A Klansman for five years, Norris claims his group is peaceful and interested only in protecting white rights. “Our rally,” Norris reassures me, “will set a lot of minds at ease. They’ll listen to us and see that we’re just normal Christian men.” Their agenda? “By the year 2040, we will be outnumbered by the combined nonwhite races of this country, and whites won’t get a fair shake.” The message is spreading through cyberspace. “We have some people in Europe and Australia, thanks to the Internet,” he says, as he hushes a dog barking inside the house. Norris insists he doesn’t hate blacks, only “race-mixing.” As for Mexicans, the border to the south should be closed. And Jews? “Christ didn’t have one good thing to say about the Jews.”

Later, I contact Mark Potok, editor of The Intelligence Report of the Southern Poverty Law Center, a Montgomery (Ala.) nonprofit that tracks hate groups. He says Klan membership is static at about 5,000, but that 200,000 belong to other hate groups: Membership in those groups is increasing 25% a year.

PEPPER GAS. The following day–rally day–the police are nervous. Clarksburg looks as if it’s occupied by an invading army. Police vehicles include a bomb disposal truck. There are SWAT teams wearing black Wehrmacht-style helmets and face masks. “If things really get out of hand,” says policeman J.P. Walker says at a press briefing, “you’ll hear a siren, and then you’ve got 10 seconds until the pepper gas goes off.” The rally site has three fenced-in pens–one for Klan supporters, one for the press, and one for protesters. Participants must go through detectors, and attendees can’t bring in anything more than a car key.

Right on time, Norris, head up and confident-looking, dressed in white robe, leads the Klan parade out of the courthouse onto the front plaza, right past Stonewall. He is followed by eight Klansmen and two Klanswomen in brightly colored robes and hoods–no masks. About 150 protesters and 20 supporters shout insults at each other. “This country will go down the tubes,” shouts Norris, but he is barely heard above the noise because Tom won’t allow loudspeakers. When a rumor sweeps the crowd that one Klanswoman is a local English teacher (which turns out to be false), she yells good-naturedly: “There’ll be a test Monday morning.”

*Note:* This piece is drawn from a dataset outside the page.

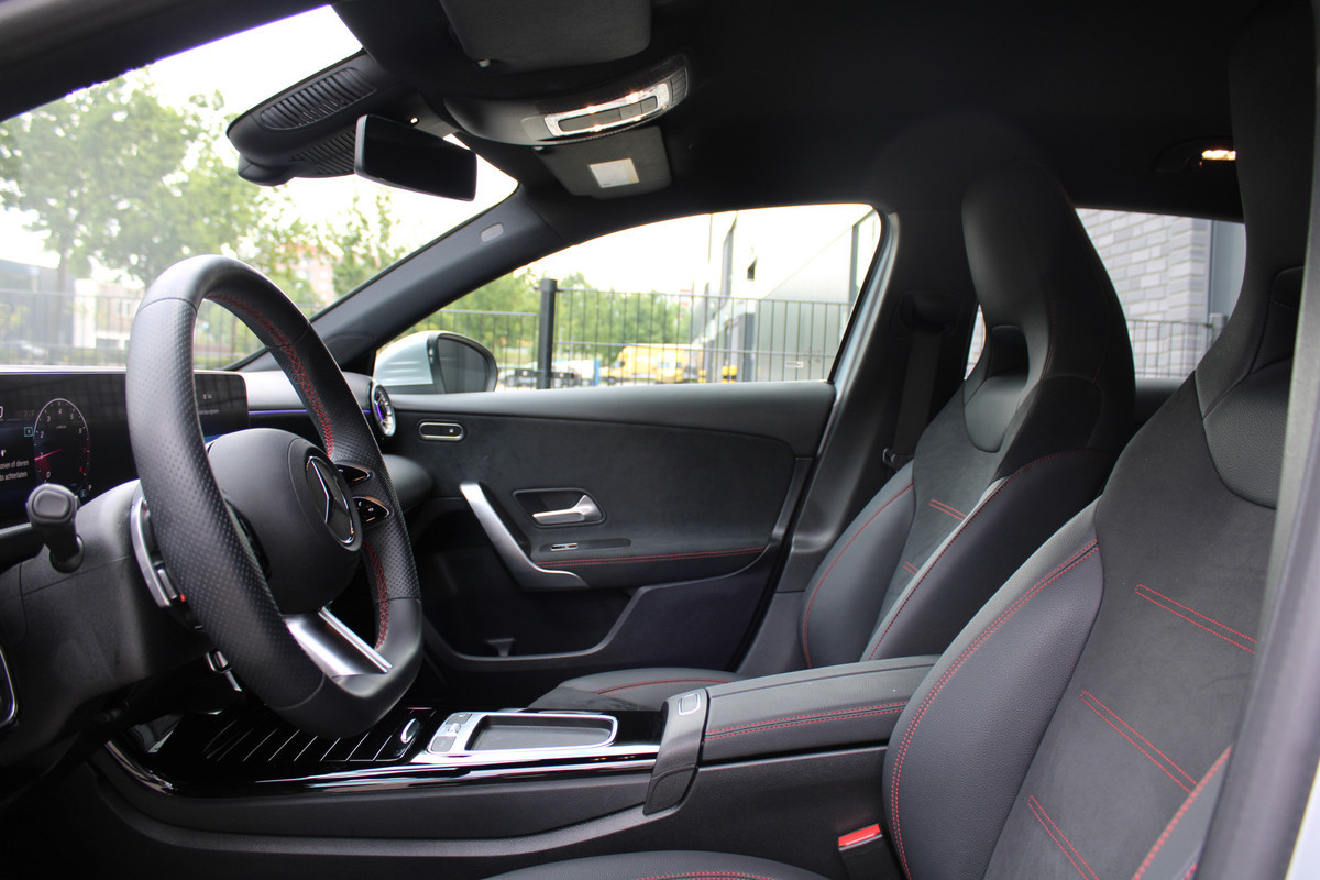Deze Mercedes-Benz is voorzien van verschillende intelligente veiligheidsvoorzieningen. Ze kijken tijdens het rijden als het ware met u mee, ze signaleren potentieel gevaarlijke situaties en in een aantal gevallen kunnen ze ook ingrijpen. In het instrumentarium ziet u tijdens de rit ook de belangrijkste verkeersborden aangegeven, die de auto automatisch voor u leest. Deze Mercedes-Benz A-klasse is ook behulpzaam als het gaat om een rechte koers. Het Lane-keeping systeem signaleert en corrigeert als u onbedoeld de rijstrooklijnen dreigt te overschrijden. Botsingen met een voorligger gebeuren relatief vaak. De forward collision warning slaat tijdig alarm als dat risico ontstaat, zodat u kunt ingrijpen. De veiligheid van deze auto wordt verder verhoogd door vermoeidheidsherkenning, autonoom remsysteem en bandenspanningcontrolesysteem.
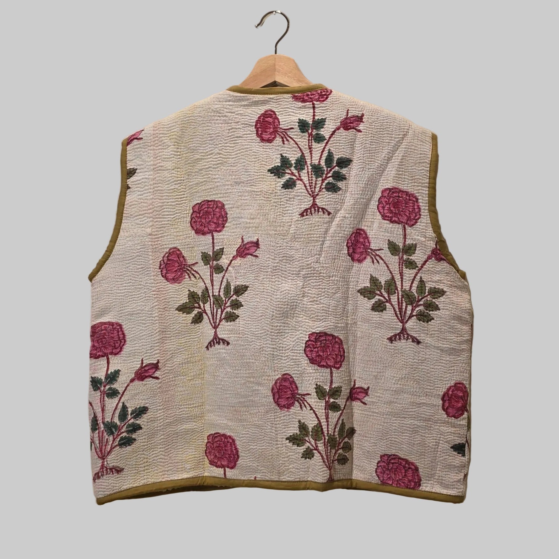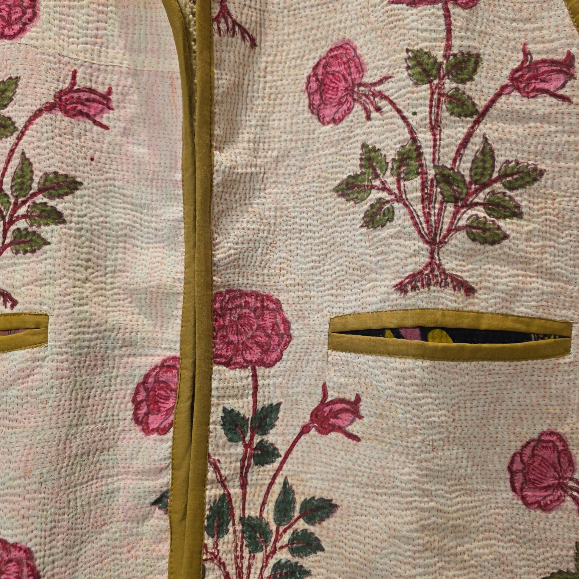 Kantha jacket refers to a type of jacket traditionally made using Kantha or Kantha stitching — a style of hand-embroidered running stitch from eastern India (mainly West Bengal and Bangladesh). This jacket is featured with beautiful handblock printing with kantha.

After two hours without incident and only one arrest–for disorderly conduct–the Klanspeople are escorted to a city parking lot, where they get into three cars, with Missouri, Ohio, and Virginia plates. Norris announces that a rally the next day in Fairmont, 20 miles north, has been canceled. Is that because the mayor refuses to provide security, I ask? “No, we just don’t want to make a nuisance of ourselves,” Norris says. The irony of that is not lost on one police officer. As he waves to the departing caravan, he mutters: “Goodbye, you sons of bitches–and to think I had seats on the 50-yard line at the West Virginia-Virginia Tech game today.”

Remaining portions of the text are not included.